**Dataset extract**
◆ ◆ ◆ ◆ ◆

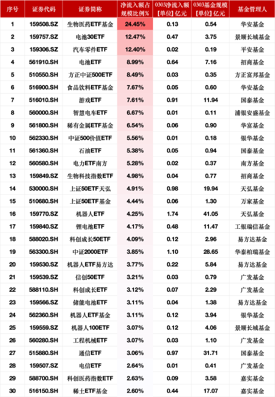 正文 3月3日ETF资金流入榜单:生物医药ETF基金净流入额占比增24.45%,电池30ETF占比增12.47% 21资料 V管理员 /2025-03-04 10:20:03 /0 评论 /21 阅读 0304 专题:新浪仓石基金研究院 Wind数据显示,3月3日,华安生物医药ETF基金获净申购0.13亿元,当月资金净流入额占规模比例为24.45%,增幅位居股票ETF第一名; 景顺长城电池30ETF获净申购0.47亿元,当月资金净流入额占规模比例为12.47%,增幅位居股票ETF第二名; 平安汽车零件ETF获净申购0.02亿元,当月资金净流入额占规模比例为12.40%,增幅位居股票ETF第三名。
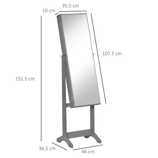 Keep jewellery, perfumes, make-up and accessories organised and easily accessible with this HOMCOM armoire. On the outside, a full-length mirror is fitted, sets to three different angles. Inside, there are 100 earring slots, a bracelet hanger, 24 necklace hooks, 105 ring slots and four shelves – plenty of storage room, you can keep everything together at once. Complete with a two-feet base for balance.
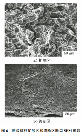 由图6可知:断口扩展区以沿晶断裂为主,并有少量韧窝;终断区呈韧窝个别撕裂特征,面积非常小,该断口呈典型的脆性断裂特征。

◆ ◆ ◆ ◆ ◆

**Task goal**
Before you return the listing, strip out its pictures; all else must match exactly.

**Written solution**
 正文 3月3日ETF资金流入榜单:生物医药ETF基金净流入额占比增24.45%,电池30ETF占比增12.47% 21资料 V管理员 /2025-03-04 10:20:03 /0 评论 /21 阅读 0304 专题:新浪仓石基金研究院 Wind数据显示,3月3日,华安生物医药ETF基金获净申购0.13亿元,当月资金净流入额占规模比例为24.45%,增幅位居股票ETF第一名; 景顺长城电池30ETF获净申购0.47亿元,当月资金净流入额占规模比例为12.47%,增幅位居股票ETF第二名; 平安汽车零件ETF获净申购0.02亿元,当月资金净流入额占规模比例为12.40%,增幅位居股票ETF第三名。
 Keep jewellery, perfumes, make-up and accessories organised and easily accessible with this HOMCOM armoire. On the outside, a full-length mirror is fitted, sets to three different angles. Inside, there are 100 earring slots, a bracelet hanger, 24 necklace hooks, 105 ring slots and four shelves – plenty of storage room, you can keep everything together at once. Complete with a two-feet base for balance.
 由图6可知:断口扩展区以沿晶断裂为主,并有少量韧窝;终断区呈韧窝个别撕裂特征,面积非常小,该断口呈典型的脆性断裂特征。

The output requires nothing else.